It could be difficult (okay, next to impossible) to stop using credit cards completely since they’re commonly used for things like booking or holding flights, making online purchases and more. But making a commitment to reduce credit card utilization could help you cut spending and reduce the amount of money that’s only going toward interest on those cards.

A credit card is a convenient way to pay — if you can keep your balance at zero. But if you can’t afford to erase the balance each month with a full payment, the interest can start piling up.

And though many credit cards make limited-time “no interest” offers, it’s good to review the terms in detail.

For instance, some cards may have terms where if consumers don’t pay off the entire balance by the end of the promotional period, they may be charged all of the interest accrued since the date of purchase.

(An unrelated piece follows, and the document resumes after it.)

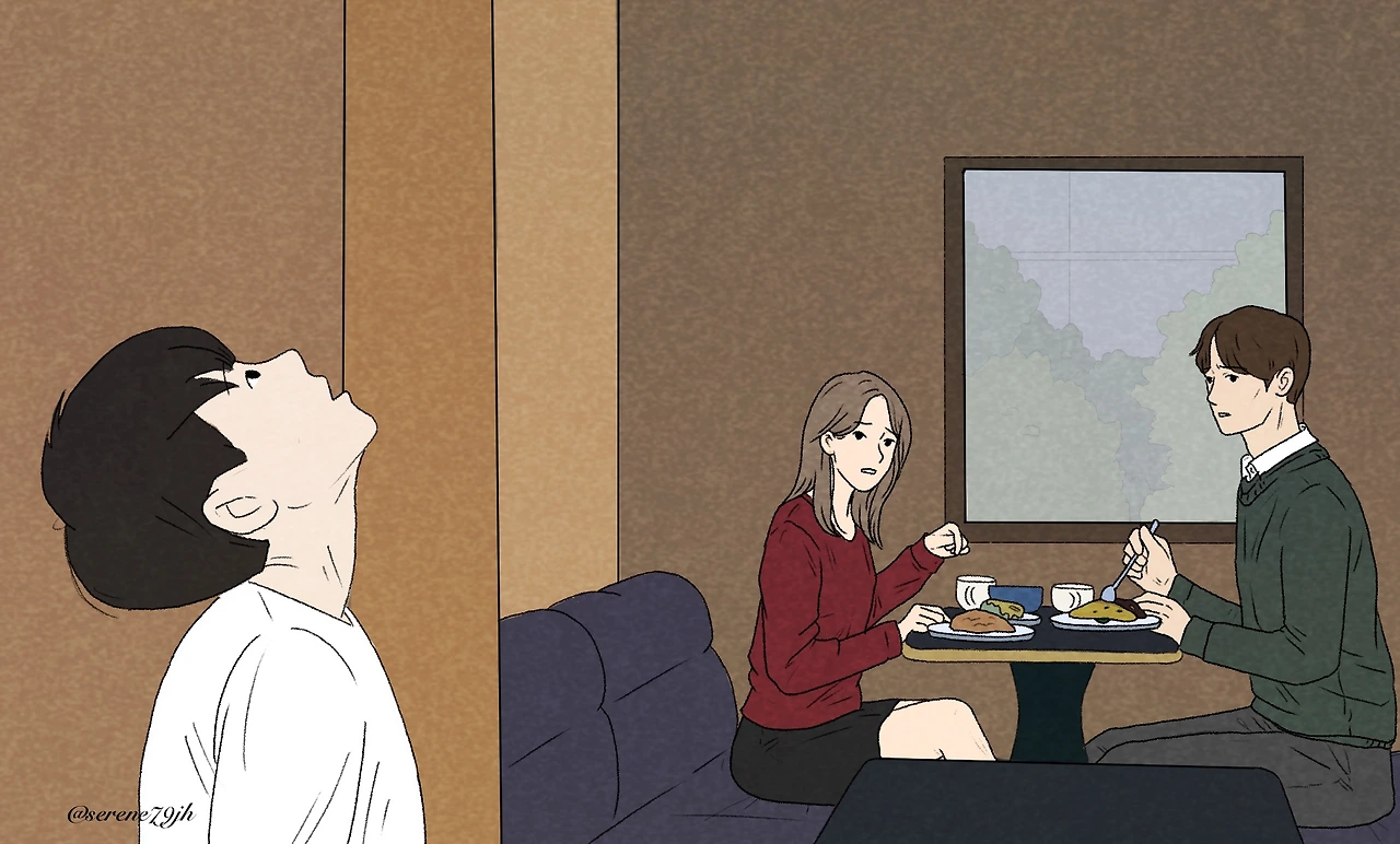 '그래 이상할 수 있지. 밥 한번 먹는데 눈을 굴리고 콧구멍도 벌렁거리고 입을 벌려 혀를 내빼고 목을 뒤로 꺾고 엉덩이를 들썩이니. 엄마인 나도 이상한데 당신들은 얼마나 이상하겠어. 그래도 그렇지. 예의 없이 그렇게 대놓고 구경할 건 뭐야.' 하는 생각들이 내 안에서 수군거렸고 얼굴이 벌겋게 달아오르고 식욕이 떨어졌다. 겉으로는 태연한 척했지만 밥을 먹는 내내 시선이 의식되고 얹힐 것 같았다. 고개를 돌려 자신들의 식사에 집중하면 좋겠는데 계속 쳐다보는 그들의 행동이 너무 불쾌해서 대충 먹고 빨리 일어섰다.

To better the chances of staying in check, some options may be to consider recording all credit card purchases with a budgeting app or pen and paper and to try and face the costs in real-time, instead of weeks later when the bill arrives.


Seeing progress is inspiring for many people. Think about how good you feel when you lose a little weight from dieting or gain some muscle from working out. Even small wins can be motivating.

How does that apply to downsize your debt?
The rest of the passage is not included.